Your objective.
Under this line are the records; repeat exactly the lines starting at the one containing "ASOS DESIGN Roma" and ending at the one containing "资金流向方面,国证农牧(39", omitting pictures.

(Dataset excerpts)
:::

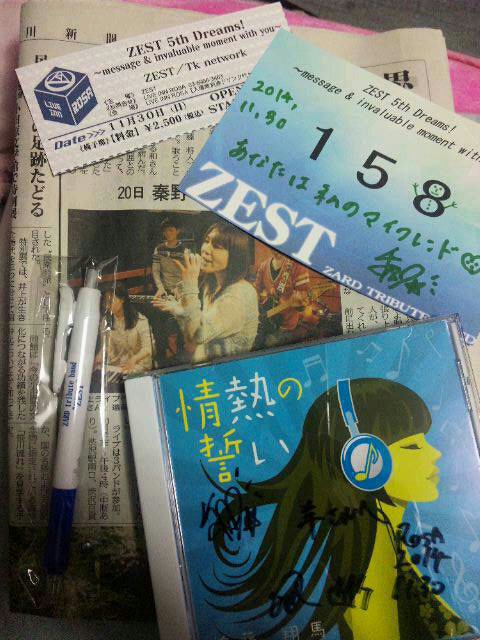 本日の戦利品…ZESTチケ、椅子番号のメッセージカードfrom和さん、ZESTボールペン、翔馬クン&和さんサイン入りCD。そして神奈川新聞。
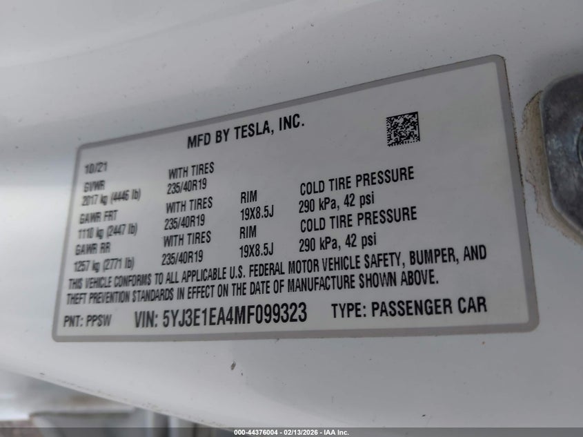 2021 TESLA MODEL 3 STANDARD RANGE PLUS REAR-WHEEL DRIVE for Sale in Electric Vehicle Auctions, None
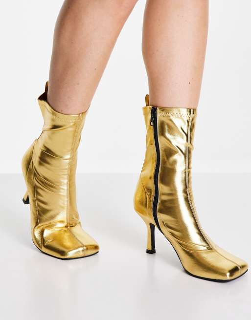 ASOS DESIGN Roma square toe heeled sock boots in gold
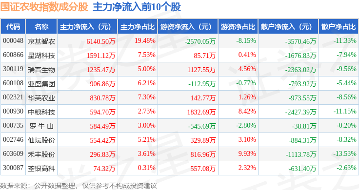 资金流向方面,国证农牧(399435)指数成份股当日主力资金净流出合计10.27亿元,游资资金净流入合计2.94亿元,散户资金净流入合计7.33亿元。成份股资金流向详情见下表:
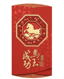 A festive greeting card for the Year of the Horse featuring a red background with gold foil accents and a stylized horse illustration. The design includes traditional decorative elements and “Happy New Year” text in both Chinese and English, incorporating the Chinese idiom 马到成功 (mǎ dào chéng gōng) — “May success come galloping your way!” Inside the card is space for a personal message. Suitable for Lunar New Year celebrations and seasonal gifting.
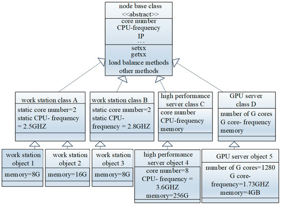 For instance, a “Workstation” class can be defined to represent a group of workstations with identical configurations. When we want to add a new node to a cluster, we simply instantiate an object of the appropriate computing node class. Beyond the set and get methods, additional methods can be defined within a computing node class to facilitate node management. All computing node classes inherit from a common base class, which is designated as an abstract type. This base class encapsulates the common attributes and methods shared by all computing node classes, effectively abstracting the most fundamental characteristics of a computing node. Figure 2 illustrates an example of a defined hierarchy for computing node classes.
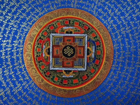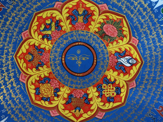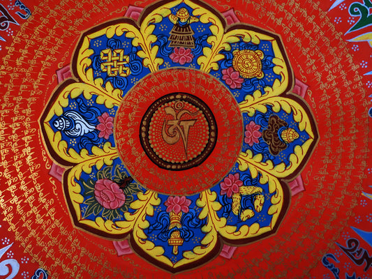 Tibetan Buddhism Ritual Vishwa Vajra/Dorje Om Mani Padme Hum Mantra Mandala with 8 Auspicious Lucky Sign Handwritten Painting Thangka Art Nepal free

:::

Response.
 ASOS DESIGN Roma square toe heeled sock boots in gold
 资金流向方面,国证农牧(399435)指数成份股当日主力资金净流出合计10.27亿元,游资资金净流入合计2.94亿元,散户资金净流入合计7.33亿元。成份股资金流向详情见下表:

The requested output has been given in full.